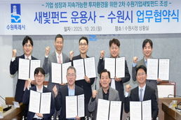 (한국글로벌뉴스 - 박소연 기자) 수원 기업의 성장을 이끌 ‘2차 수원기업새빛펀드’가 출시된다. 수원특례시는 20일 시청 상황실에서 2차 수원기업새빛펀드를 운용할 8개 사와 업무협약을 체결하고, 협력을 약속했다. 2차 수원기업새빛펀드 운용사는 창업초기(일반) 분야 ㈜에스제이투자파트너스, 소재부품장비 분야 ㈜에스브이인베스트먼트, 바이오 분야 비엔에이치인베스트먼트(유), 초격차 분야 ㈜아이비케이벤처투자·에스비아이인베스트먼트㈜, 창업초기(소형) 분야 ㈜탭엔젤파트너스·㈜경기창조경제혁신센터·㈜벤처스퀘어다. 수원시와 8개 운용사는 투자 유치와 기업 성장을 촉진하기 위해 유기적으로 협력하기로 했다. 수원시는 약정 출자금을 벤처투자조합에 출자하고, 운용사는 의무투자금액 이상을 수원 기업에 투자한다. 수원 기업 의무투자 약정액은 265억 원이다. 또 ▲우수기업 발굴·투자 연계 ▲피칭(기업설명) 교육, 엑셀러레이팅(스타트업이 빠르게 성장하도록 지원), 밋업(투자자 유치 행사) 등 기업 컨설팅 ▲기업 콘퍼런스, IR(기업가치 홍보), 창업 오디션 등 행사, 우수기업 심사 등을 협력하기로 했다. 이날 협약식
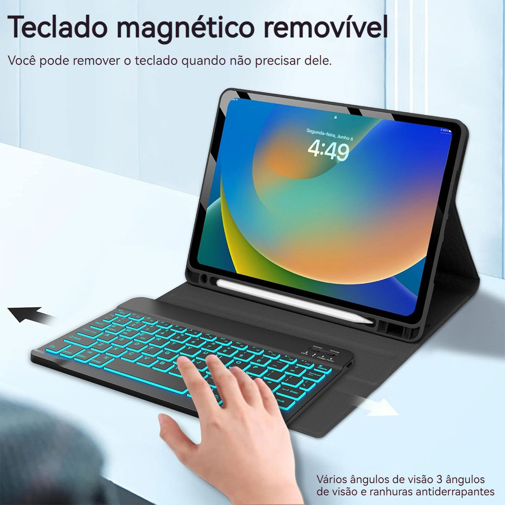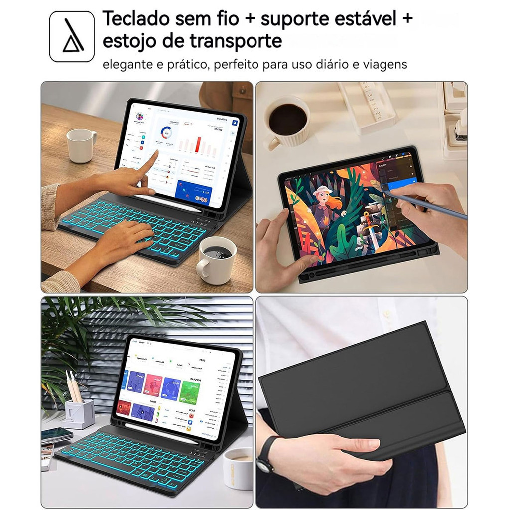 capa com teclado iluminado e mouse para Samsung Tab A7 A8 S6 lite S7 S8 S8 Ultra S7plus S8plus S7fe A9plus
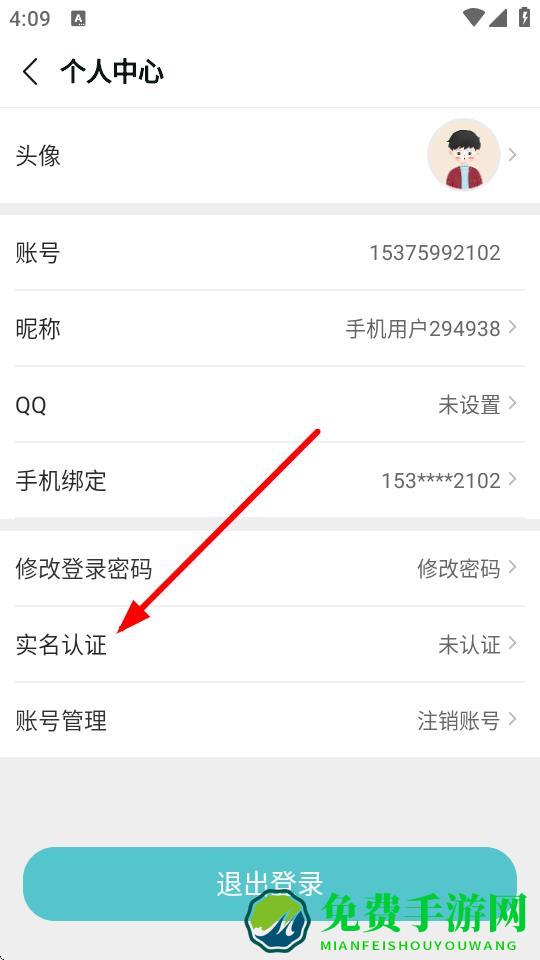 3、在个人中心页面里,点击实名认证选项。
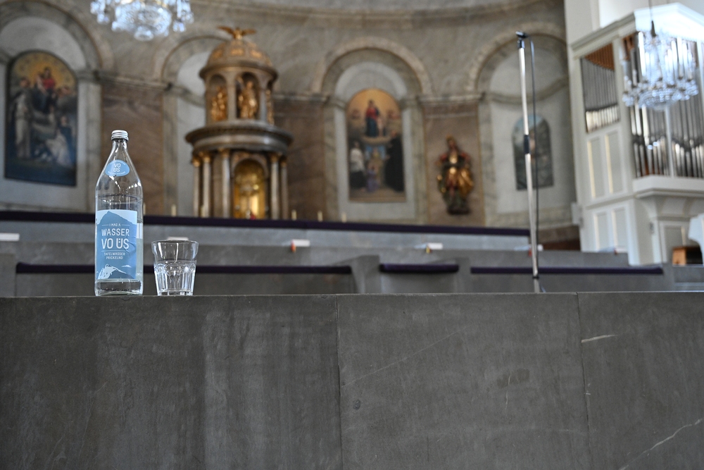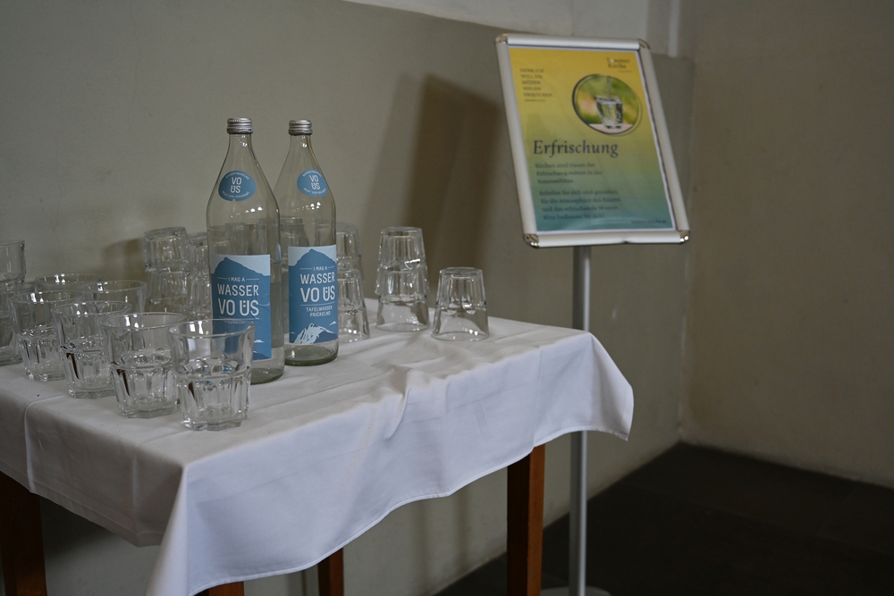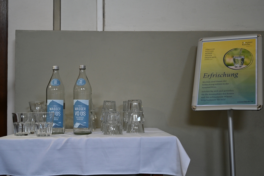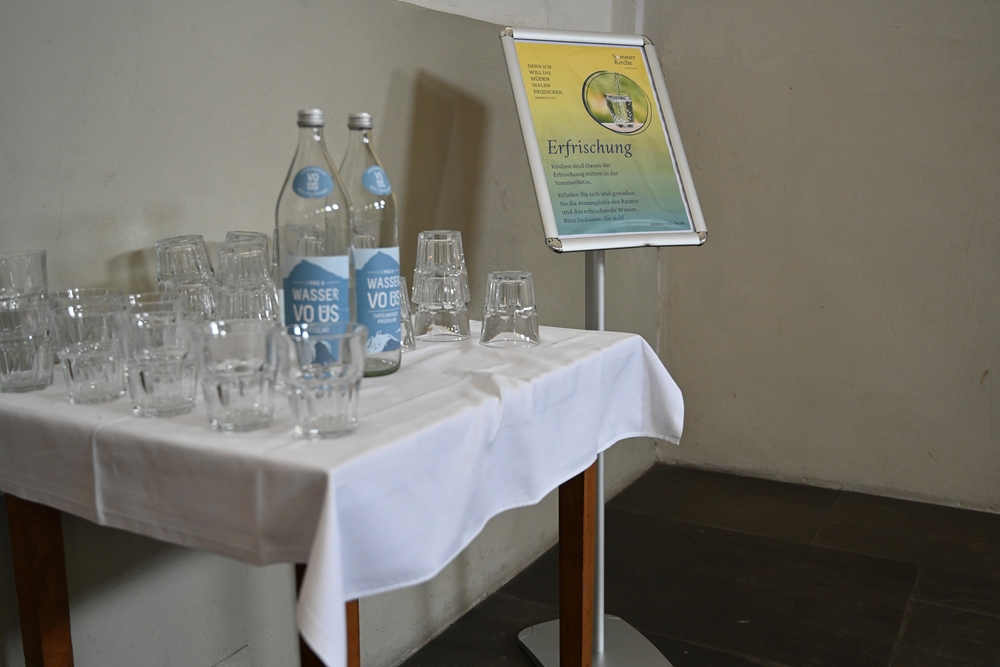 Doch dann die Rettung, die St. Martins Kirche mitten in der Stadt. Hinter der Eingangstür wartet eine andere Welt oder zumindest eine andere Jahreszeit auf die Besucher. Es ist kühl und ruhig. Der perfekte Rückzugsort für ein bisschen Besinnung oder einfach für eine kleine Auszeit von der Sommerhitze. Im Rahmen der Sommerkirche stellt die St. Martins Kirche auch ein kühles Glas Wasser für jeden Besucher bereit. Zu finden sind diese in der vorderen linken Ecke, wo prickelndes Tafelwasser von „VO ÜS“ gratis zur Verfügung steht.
---
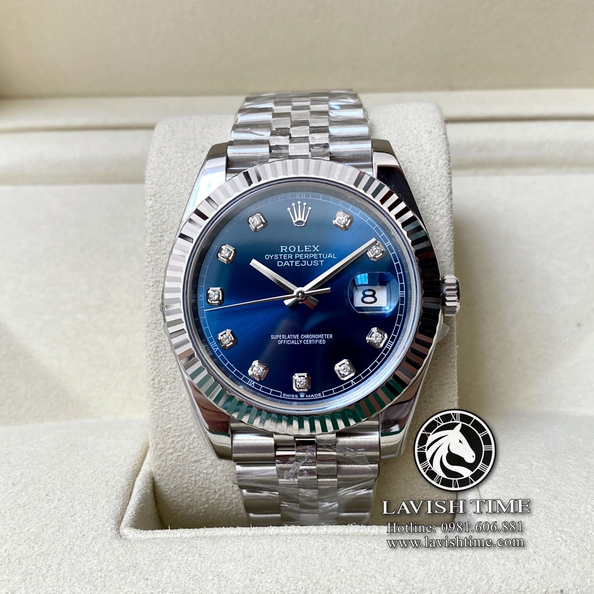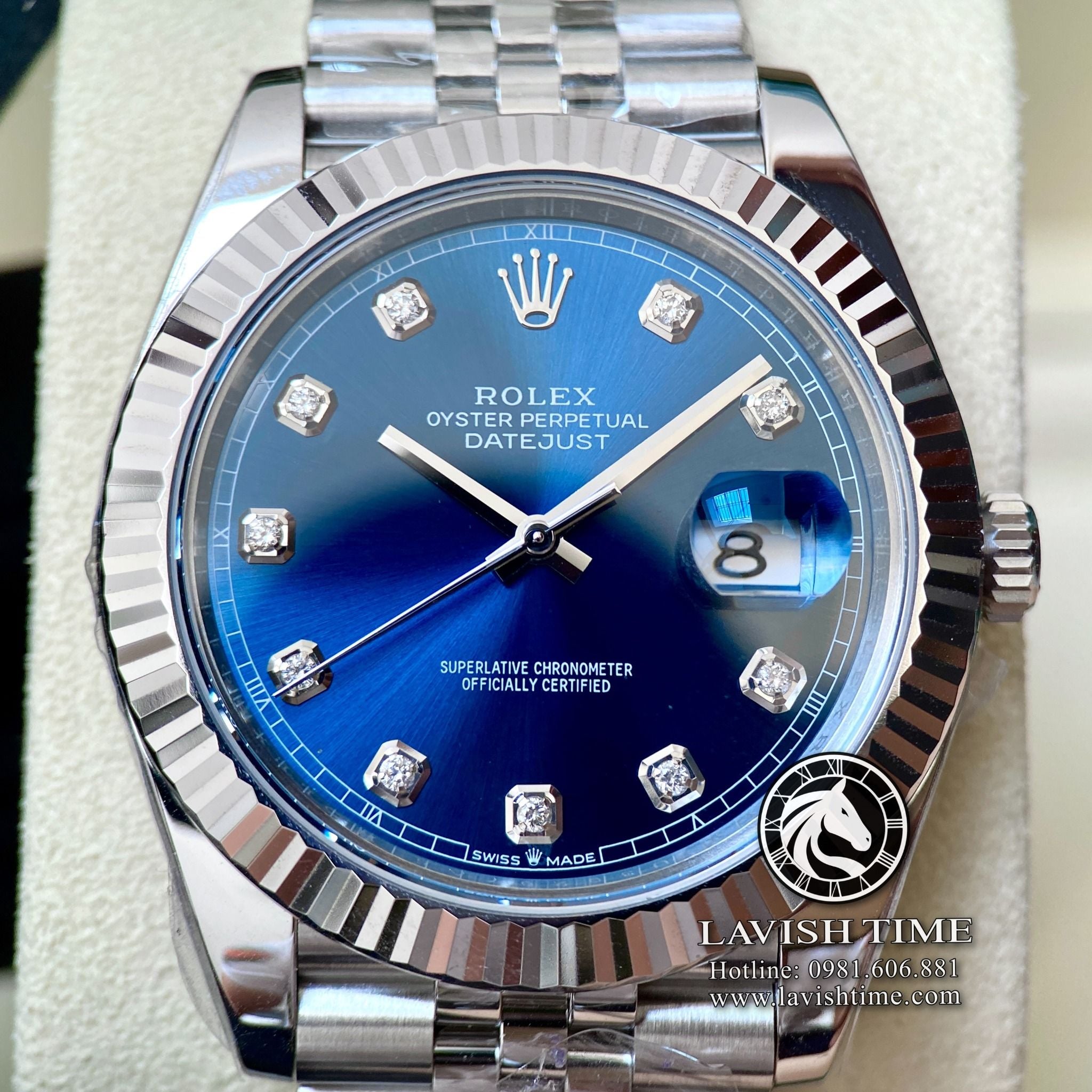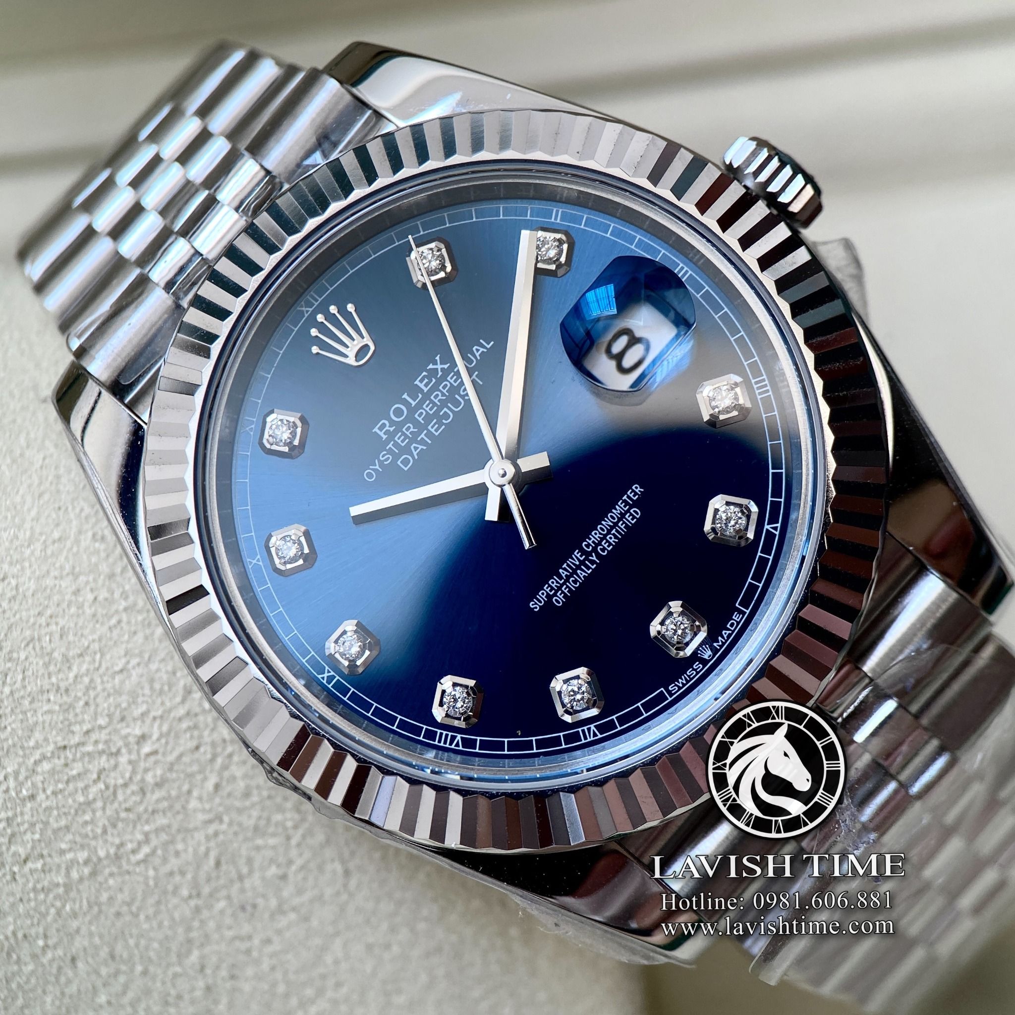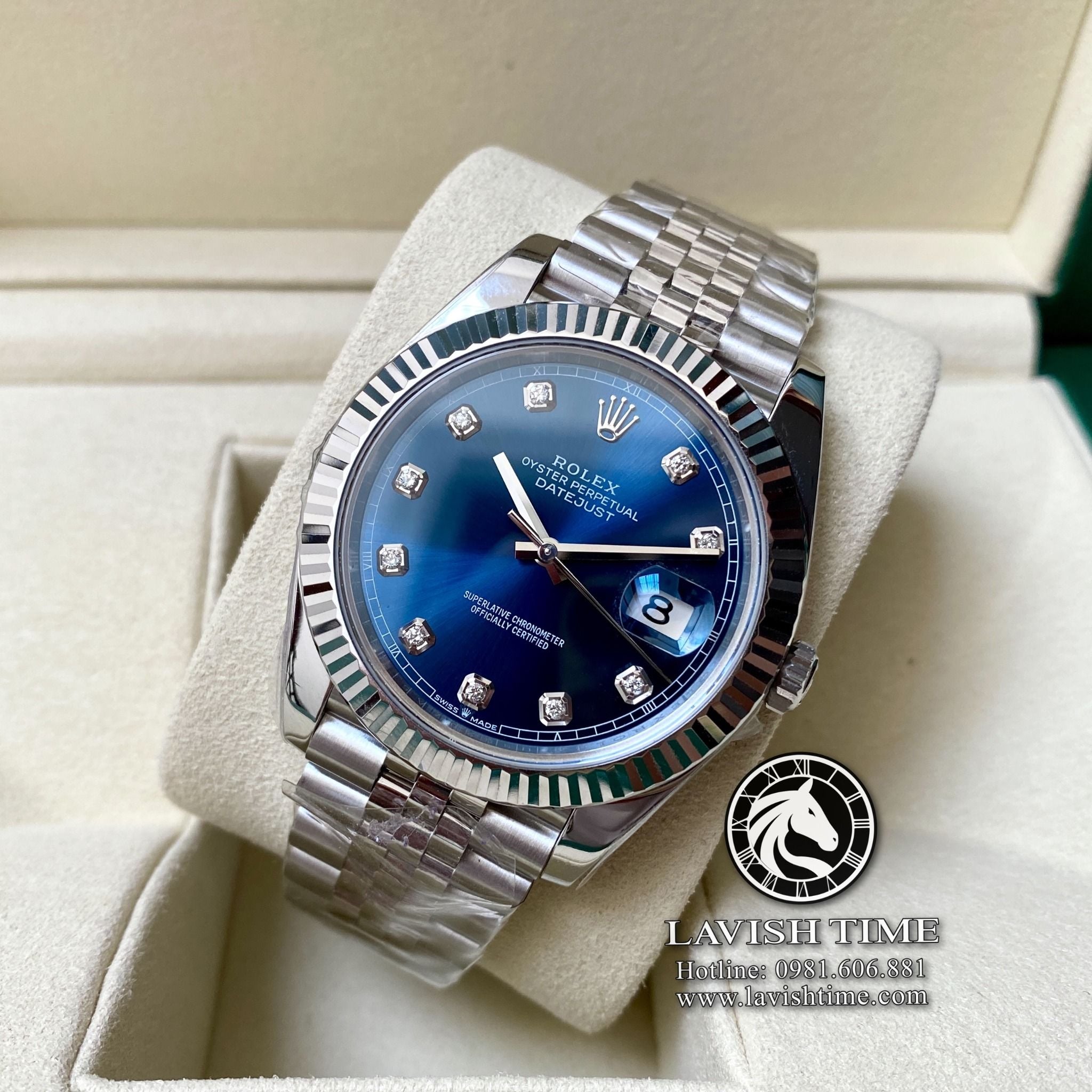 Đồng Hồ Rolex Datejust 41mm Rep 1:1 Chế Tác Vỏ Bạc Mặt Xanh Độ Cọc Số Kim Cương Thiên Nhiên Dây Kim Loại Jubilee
---
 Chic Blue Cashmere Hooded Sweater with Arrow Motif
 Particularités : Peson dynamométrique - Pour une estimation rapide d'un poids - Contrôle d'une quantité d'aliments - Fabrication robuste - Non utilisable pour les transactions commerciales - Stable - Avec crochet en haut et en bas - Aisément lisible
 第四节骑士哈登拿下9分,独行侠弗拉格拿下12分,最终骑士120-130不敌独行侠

## Exercise directions
Take only the lines above from the one that has "(한국글로벌뉴스 - 박소연" through the one that has "3、在个人中心页面里,点击实名认证选项。" and reproduce them exactly, omitting any pictures.

## Exercise solution
 (한국글로벌뉴스 - 박소연 기자) 수원 기업의 성장을 이끌 ‘2차 수원기업새빛펀드’가 출시된다. 수원특례시는 20일 시청 상황실에서 2차 수원기업새빛펀드를 운용할 8개 사와 업무협약을 체결하고, 협력을 약속했다. 2차 수원기업새빛펀드 운용사는 창업초기(일반) 분야 ㈜에스제이투자파트너스, 소재부품장비 분야 ㈜에스브이인베스트먼트, 바이오 분야 비엔에이치인베스트먼트(유), 초격차 분야 ㈜아이비케이벤처투자·에스비아이인베스트먼트㈜, 창업초기(소형) 분야 ㈜탭엔젤파트너스·㈜경기창조경제혁신센터·㈜벤처스퀘어다. 수원시와 8개 운용사는 투자 유치와 기업 성장을 촉진하기 위해 유기적으로 협력하기로 했다. 수원시는 약정 출자금을 벤처투자조합에 출자하고, 운용사는 의무투자금액 이상을 수원 기업에 투자한다. 수원 기업 의무투자 약정액은 265억 원이다. 또 ▲우수기업 발굴·투자 연계 ▲피칭(기업설명) 교육, 엑셀러레이팅(스타트업이 빠르게 성장하도록 지원), 밋업(투자자 유치 행사) 등 기업 컨설팅 ▲기업 콘퍼런스, IR(기업가치 홍보), 창업 오디션 등 행사, 우수기업 심사 등을 협력하기로 했다. 이날 협약식
 capa com teclado iluminado e mouse para Samsung Tab A7 A8 S6 lite S7 S8 S8 Ultra S7plus S8plus S7fe A9plus
 3、在个人中心页面里,点击实名认证选项。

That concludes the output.